Exercise:
The answer consists only of the lines from the beginning of the listing below to the line holding "윈도우 11 '설정 - 개인", inclusive, with every picture removed.

Data section:
□ □ □ □ □
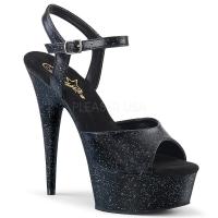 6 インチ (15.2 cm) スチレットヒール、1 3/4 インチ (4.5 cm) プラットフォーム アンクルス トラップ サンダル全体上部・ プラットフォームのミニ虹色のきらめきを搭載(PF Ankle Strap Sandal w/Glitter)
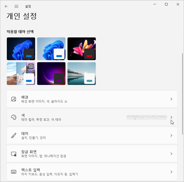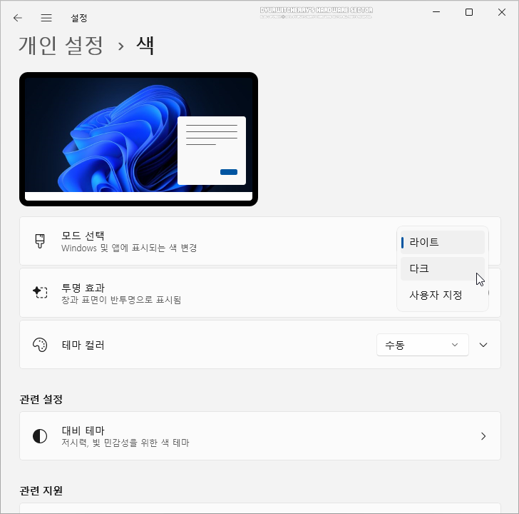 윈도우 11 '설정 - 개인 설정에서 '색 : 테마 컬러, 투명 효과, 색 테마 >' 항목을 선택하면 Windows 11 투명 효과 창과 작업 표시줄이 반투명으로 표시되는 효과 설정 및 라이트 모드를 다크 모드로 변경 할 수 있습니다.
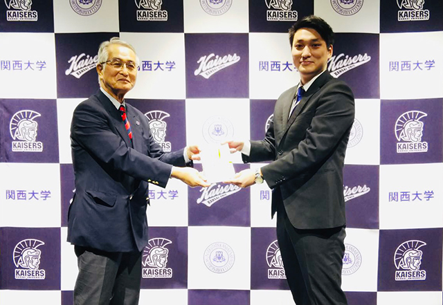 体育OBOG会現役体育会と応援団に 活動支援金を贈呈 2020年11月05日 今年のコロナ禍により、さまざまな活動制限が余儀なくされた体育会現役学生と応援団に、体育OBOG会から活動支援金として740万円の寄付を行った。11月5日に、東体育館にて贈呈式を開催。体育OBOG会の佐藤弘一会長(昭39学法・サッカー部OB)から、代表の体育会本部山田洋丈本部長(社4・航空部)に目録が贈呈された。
□ □ □ □ □
Result for this exercise:
 6 インチ (15.2 cm) スチレットヒール、1 3/4 インチ (4.5 cm) プラットフォーム アンクルス トラップ サンダル全体上部・ プラットフォームのミニ虹色のきらめきを搭載(PF Ankle Strap Sandal w/Glitter)
 윈도우 11 '설정 - 개인 설정에서 '색 : 테마 컬러, 투명 효과, 색 테마 >' 항목을 선택하면 Windows 11 투명 효과 창과 작업 표시줄이 반투명으로 표시되는 효과 설정 및 라이트 모드를 다크 모드로 변경 할 수 있습니다.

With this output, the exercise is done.